Графиня и близко не подпускала других женщин к своему окружению. Она находила их скучными, к тому же, с ее точки зрения, они были просто излишни, поскольку сама она могла безраздельно владеть мыслями и вниманием одновременно дюжины мужчин; на вечерах ее всегда царила блестящая, остроумная и даже чуть пикантная атмосфера.

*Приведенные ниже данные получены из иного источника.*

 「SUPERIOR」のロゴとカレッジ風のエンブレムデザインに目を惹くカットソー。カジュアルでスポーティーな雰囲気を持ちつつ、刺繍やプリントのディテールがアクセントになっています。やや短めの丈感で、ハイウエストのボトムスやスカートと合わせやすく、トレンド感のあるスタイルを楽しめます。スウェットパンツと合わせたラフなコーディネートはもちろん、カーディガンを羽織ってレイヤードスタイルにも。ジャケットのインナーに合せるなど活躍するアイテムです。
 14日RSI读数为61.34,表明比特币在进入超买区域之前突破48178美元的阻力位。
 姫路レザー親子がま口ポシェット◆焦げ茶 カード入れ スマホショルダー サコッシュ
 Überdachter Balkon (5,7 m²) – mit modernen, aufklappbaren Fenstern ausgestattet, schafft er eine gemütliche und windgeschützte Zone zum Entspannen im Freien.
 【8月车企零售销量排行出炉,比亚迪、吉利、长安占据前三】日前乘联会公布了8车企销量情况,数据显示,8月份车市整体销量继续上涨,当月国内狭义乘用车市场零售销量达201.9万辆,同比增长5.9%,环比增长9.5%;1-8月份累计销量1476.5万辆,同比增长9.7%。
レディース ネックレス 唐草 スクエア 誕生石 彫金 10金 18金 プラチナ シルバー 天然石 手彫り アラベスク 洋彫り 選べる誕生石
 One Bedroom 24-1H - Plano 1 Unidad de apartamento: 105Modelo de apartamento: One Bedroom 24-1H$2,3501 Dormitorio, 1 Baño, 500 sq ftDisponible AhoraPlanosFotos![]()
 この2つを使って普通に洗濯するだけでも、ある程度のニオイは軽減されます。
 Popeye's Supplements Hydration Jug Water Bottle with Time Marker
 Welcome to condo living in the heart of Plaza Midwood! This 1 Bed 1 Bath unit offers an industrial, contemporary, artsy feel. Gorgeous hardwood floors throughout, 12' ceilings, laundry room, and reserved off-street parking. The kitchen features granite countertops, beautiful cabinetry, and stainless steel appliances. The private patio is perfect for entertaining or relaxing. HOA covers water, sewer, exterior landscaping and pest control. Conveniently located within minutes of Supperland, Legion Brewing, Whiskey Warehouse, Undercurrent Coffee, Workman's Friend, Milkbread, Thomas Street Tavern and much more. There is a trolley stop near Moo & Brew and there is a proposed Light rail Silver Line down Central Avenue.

В отместку отвергнутые ею дамы из русских переселенцев объявили, что ни за что на свете не появятся на людях в обществе графини; они горячо желали, чтобы их женихи и мужья последовали их примеру и столь же рьяно соблюдали приличия. Передергивая плечиками, хмыкая и поджимая губы, эти оттесненные в тень красавицы давали понять, что существует некоторая причинная связь между двумя удивительными парадоксами в жизни графини: первый заключался в том, что та жила на широкую ногу, соря деньгами, хотя всем было известно, что приехала она в Шанхай без гроша в кармане; вторым же было то, что она постоянно появлялась в окружении лучших мужчин из их интернациональной колонии, о которых Другие дамы могли только мечтать.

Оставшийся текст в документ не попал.